Please restate word for word all lines from the one containing "A HOECHST, LA POLICE INVITE AU CALME" to the final line of the entries, and include no pictures.

[Start of section]

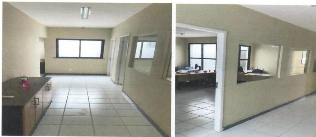
Item 02.014 – Ficha 14 – Fiscalização

Serviços de emassamento e pintura das paredes.
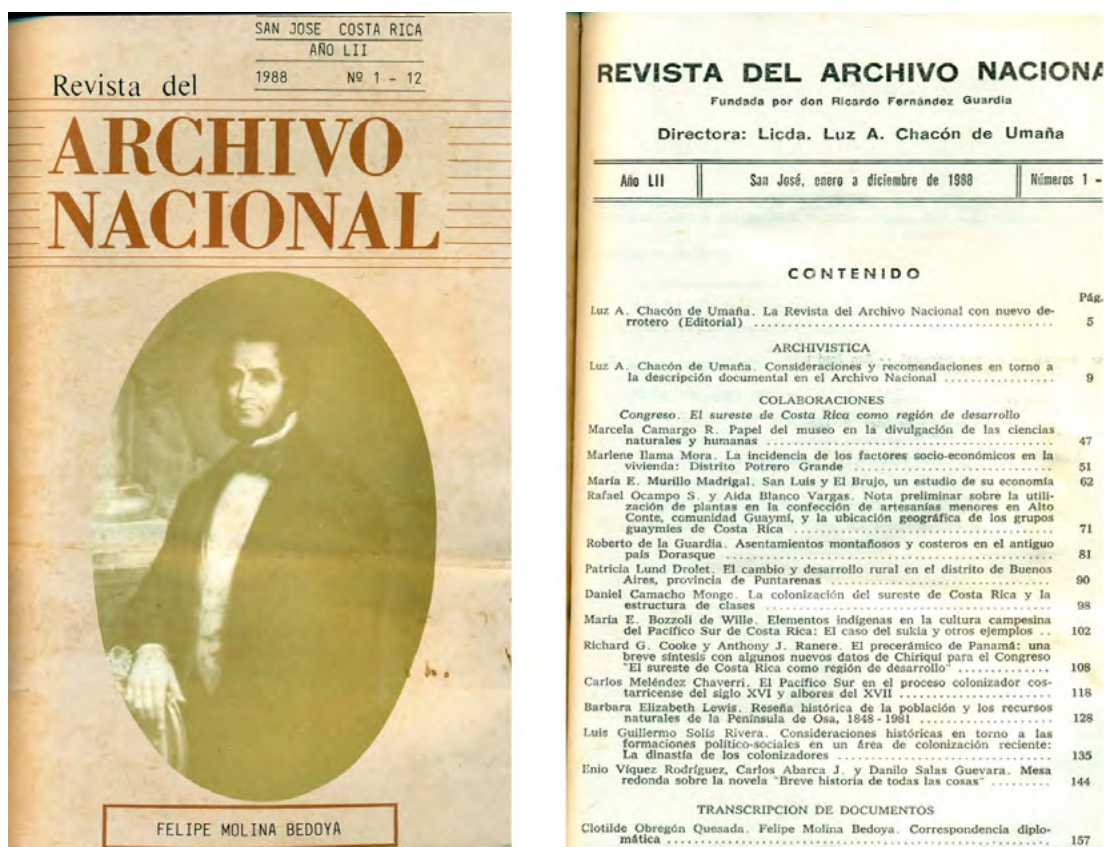
IMAGEN 1. PORTADA Y TABLA DE CONTENIDO DEL AÑO 1988 DONDE APARECEN LAS PRIMERAS SECCIONES DE LA RAN
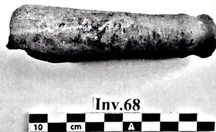
Рис. 5. Шабран. Фрагмент средневекового водопровода XI-XII в

Шабран заслуженно считается одним из ведущих центров керамического производства в средневековом Азербайджане. По мнению исследователей, керамические изделия Шабрана отличаются хорошим качественным обжигом, многообразием форм и размеров, что было связано с их функциональным назначением, и ярким орнаментальным оформлением. (рис. 6.7) Особо следует отметить поливную керамику, декоративное оформление которой свидетельствует по мнению специалистов не только о высоком уровне мастерства, но и о хорошем вкусе шабранских мастеров (18). На днищах многих керамических сосудов Шабрана имеются индивидуальные клейма мастеров. В культурном слое, датированным X-XIV вв., обнаружено 15 клейм, имеющих свои от-
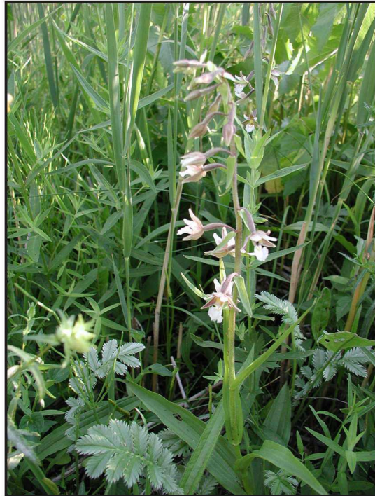
Billede 7. I løbet af få år forventes det, at orkideer som sump-hullæbe og maj-gøgeurt eller plettet gøgeurt vil spire frem på den afgræssede strandeng.
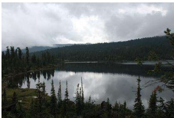
Фото № 8. Озеро Бол. Буйбинское (точка съемки в средней части восточного побережья)

В лагерь вернулись в 13-15. После обеда в 15-40 вышли в сторону пер. Восточный 1А. Подъём начали сразу с северной оконечности оз. Бол. Буйбинское. К 17-30 вышли на озерцо у скального выступа под перевалом. Мест для палаток на открытой площадке много, т.к. уклон небольшой. Однако это место может очень сильно продуваться, что и произошло у нас ночью. Рекомендуем делать ночлег раньше, не поднимаясь до озерца.
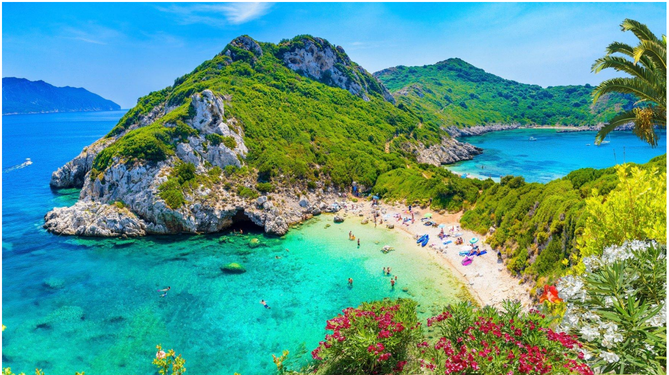
Ons besoek die skilderagtige Corfu-eiland op 13 Oktober

Nedbank: 119 1533 964 Tak: George Takkode: 198 765 Rekeninghouer: Van Dyk Travel Tipe rekening: Lopende/Besigheids Verwysing: GRC/ en u van Kontak die toerleier, Gerhard van Dyk , vir enige verdere navrae: Tel nr: 082 767 8400 Faks nr: 086 733 8987 E-pos: info@vandyktours.co.za
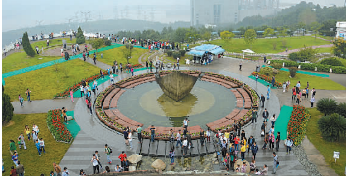
今年国庆长假是三峡大坝旅游区对中国游客实行门票免费新规定后的第一个长假。据长江三峡旅游发展有限责任公司的统计数据，截至10月1日中午12时，三峡大坝旅游区入园游客总数已突破1.1万人次，创同比新高。预计首日游客总量可突破两万人次。图为游客昨天在三峡大坝旅游景点游览。
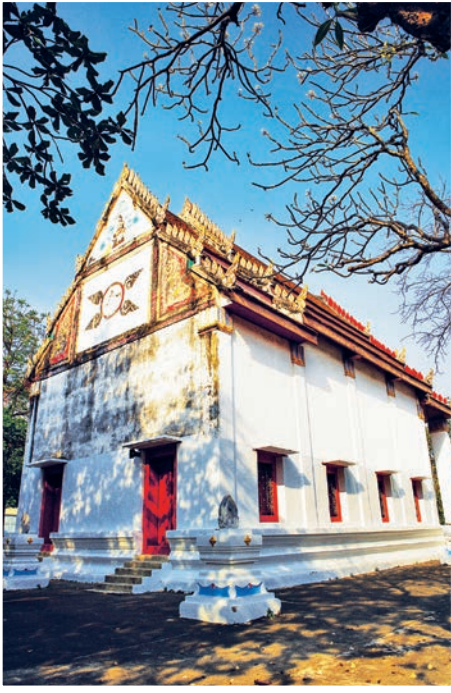
วัดมณีสถิตย์กปิฏฐาราม

จักรีทั้งฝักวางบนพระเพลาซ้าย และทรงวางพระหัตถ์ขวาบนพระเพลาขวา ด้านขวามือมีพานวางพระมาลาเส้าสูง ไม่มียี่ง่า (ขนนก) สวมรองพระบาทที่ไม่หุ้มสันพระบาท มีพิธีถวายสักการะพระราชาอนุสาวรีย์แห่งนี้ ในวันที่ ๖ เมษายน ของทุกปี ซึ่งตรงกับช่วงที่ดอกสุพรรณิการ์ หรือฝ้ายคำ ดอกไม้ประจำจังหวัดอุทัยธานีบานสะพรั่งทั่วเขาสะแกกรัง ถัดจากพระราชาอนุสาวรีย์ไปทางป่าหลังเขา ประมาณ ๒๐๐ เมตร จะพบ หมดแผนที่โลก ซึ่งใช้ในการสำรวจแผนที่ สร้างขึ้นตั้งแต่ พ.ศ. ๒๔๗๕
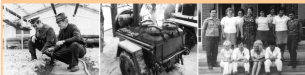
Vlastní hospodářství Polní kuchyně Kolektiv jídelny
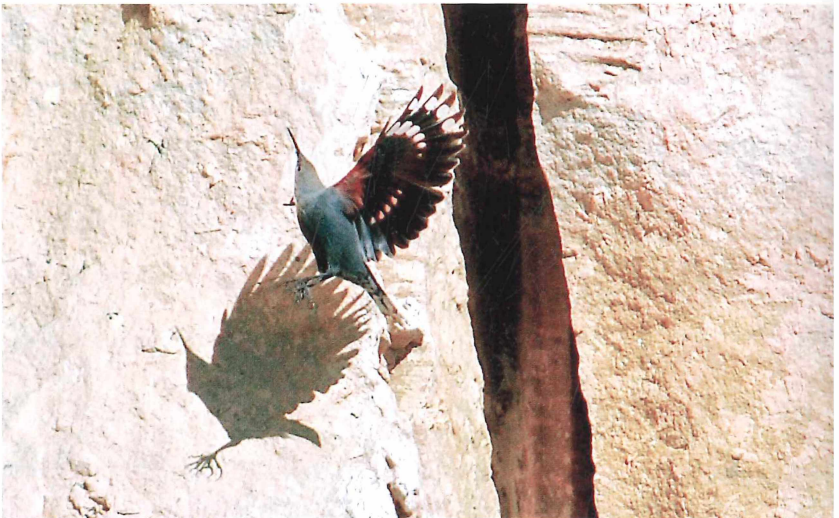
Abb. 9: Mauerläufer ( Tichodroma muraria ). Neustadt/Weinstraße (Gimmeldingen), 23.-26. Oktober 2009.
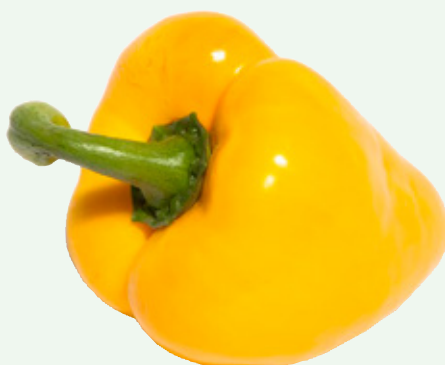
Paprika geel TotaalVERS, per stuk, Art. nr. 20000261
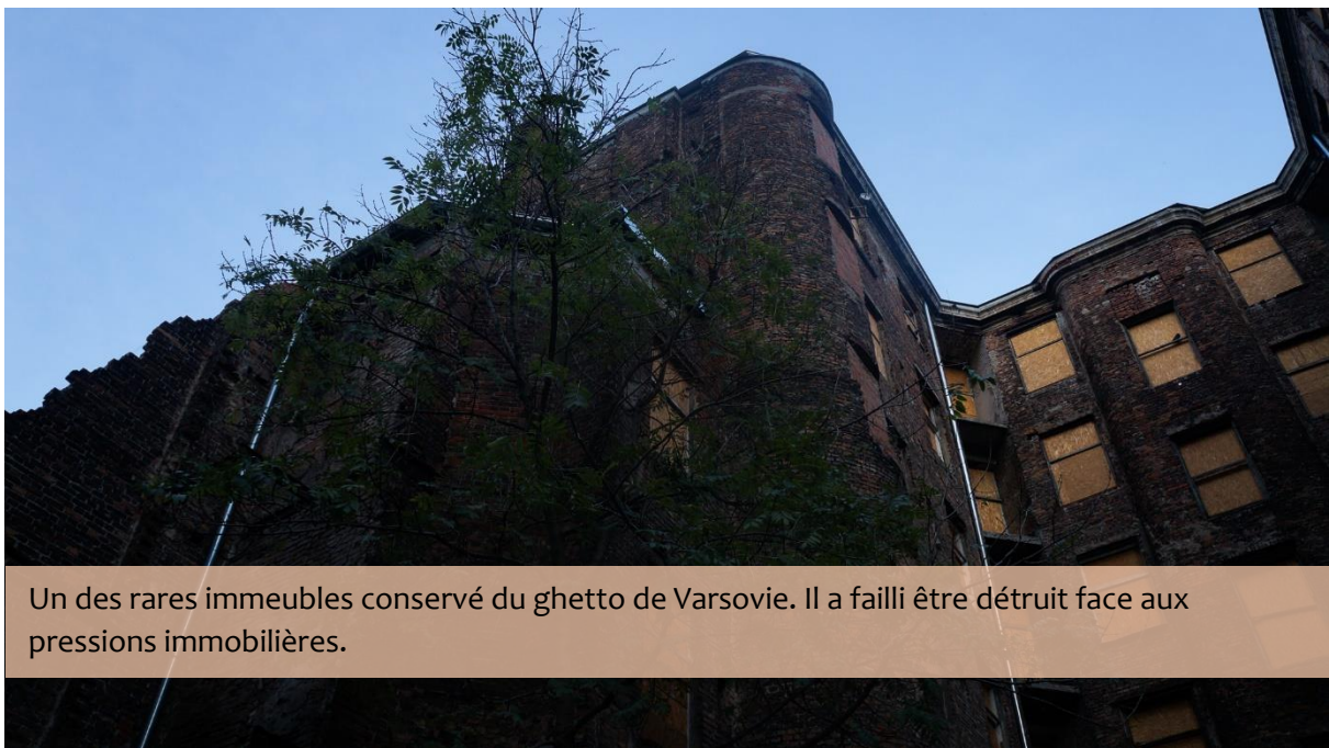
Un des rares immeubles conservé du ghetto de Varsovie. Il a failli être détruit face aux pressions immobilières.

Le ghetto de Varsovie était le plus important ghetto juif au sein des territoires d'Europe sous domination nazie. Si aujourd'hui, le temps a repris ses droits, les lieux portent toujours les stigmates d'un quotidien révolu.
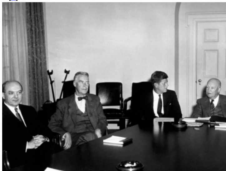
De gauche à droite : Dean Rusk, Christian Herter, John F. Kennedy (président élu) et Dwight D. Eisenhower. Dans la salle du Cabinet, à la Maison Blanche, à Washington, D.C.

Christian Herter, prédécesseur de Dean Rusk en tant que secrétaire d'État du président Dwight D. Eisenhower, fut le premier président de l'Atlantic Council en 1961 et il avait « une vision qui allait bien au-delà de la communauté transatlantique de l'époque » [4].
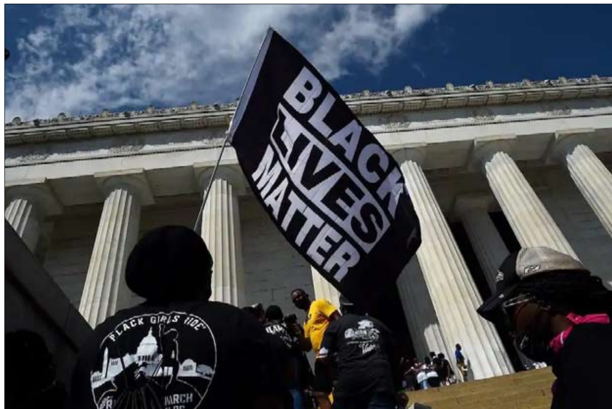
اليسار في مسيرات احتجاجية

التي أشعلت النار في الاحتجاجات (المشروعة).
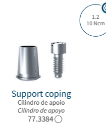
Support coping Cilindro de apoio Cilindro de apoyo 77.3384
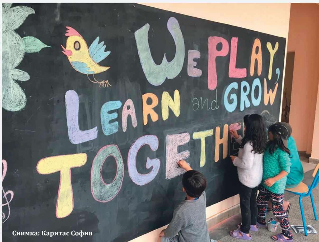
Снимка: Каритас София

Източник: авторът по данни на БНБ „Парични преводи от емигранти“
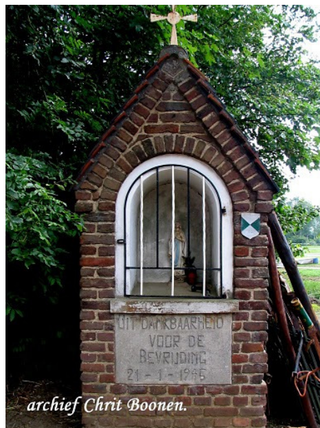
Maria kapelletje Leenderhof uit dankbaarheid
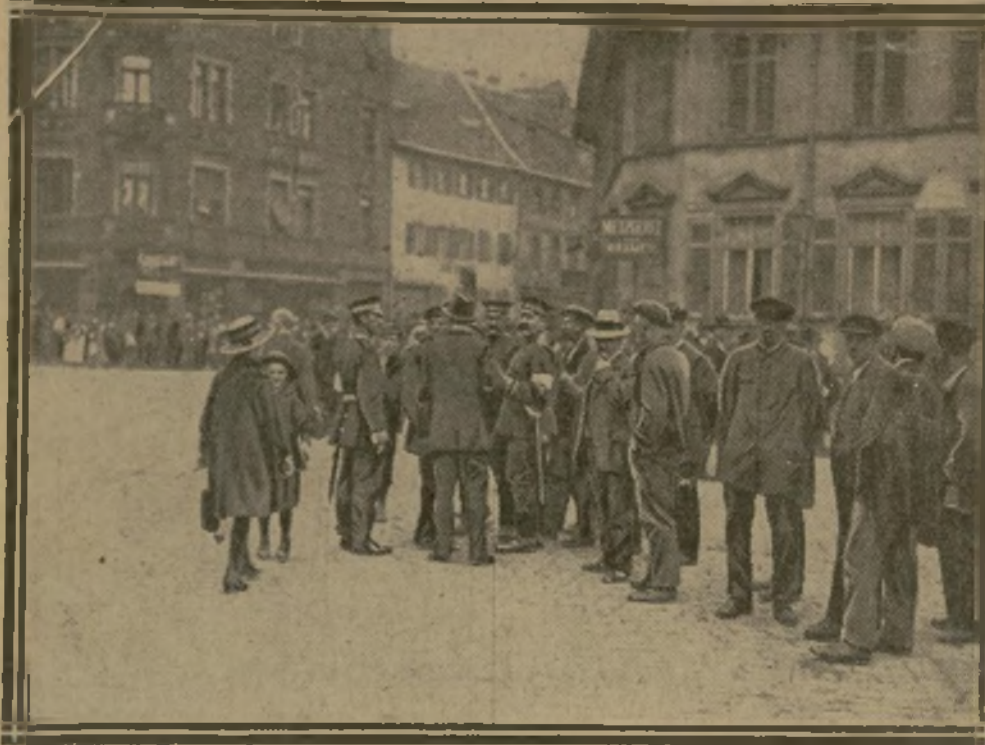
A HOECHST, LA POLICE INVITE AU CALME

Le succès de la plu- part des choses dé- pend de savoir combien de temps il faut pour réussir. MONTESQUIEU.
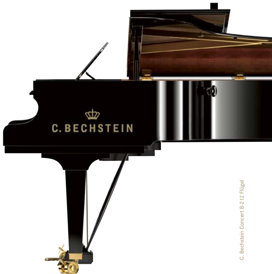
C. Bechstein Concert B-2.12 Flügel

Sehr gerne unterstützen wir diese Konzertreihe und die Arbeit von KONZERTE IM FRONHOF mit aufstrebenden, internationalen Künstlern.
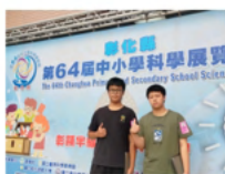
科展參賽連年獲獎 (數學全縣第二名)

[End of section]

=== Exercise answer ===
A HOECHST, LA POLICE INVITE AU CALME

Le succès de la plu- part des choses dé- pend de savoir combien de temps il faut pour réussir. MONTESQUIEU.
C. Bechstein Concert B-2.12 Flügel

Sehr gerne unterstützen wir diese Konzertreihe und die Arbeit von KONZERTE IM FRONHOF mit aufstrebenden, internationalen Künstlern.
科展參賽連年獲獎 (數學全縣第二名)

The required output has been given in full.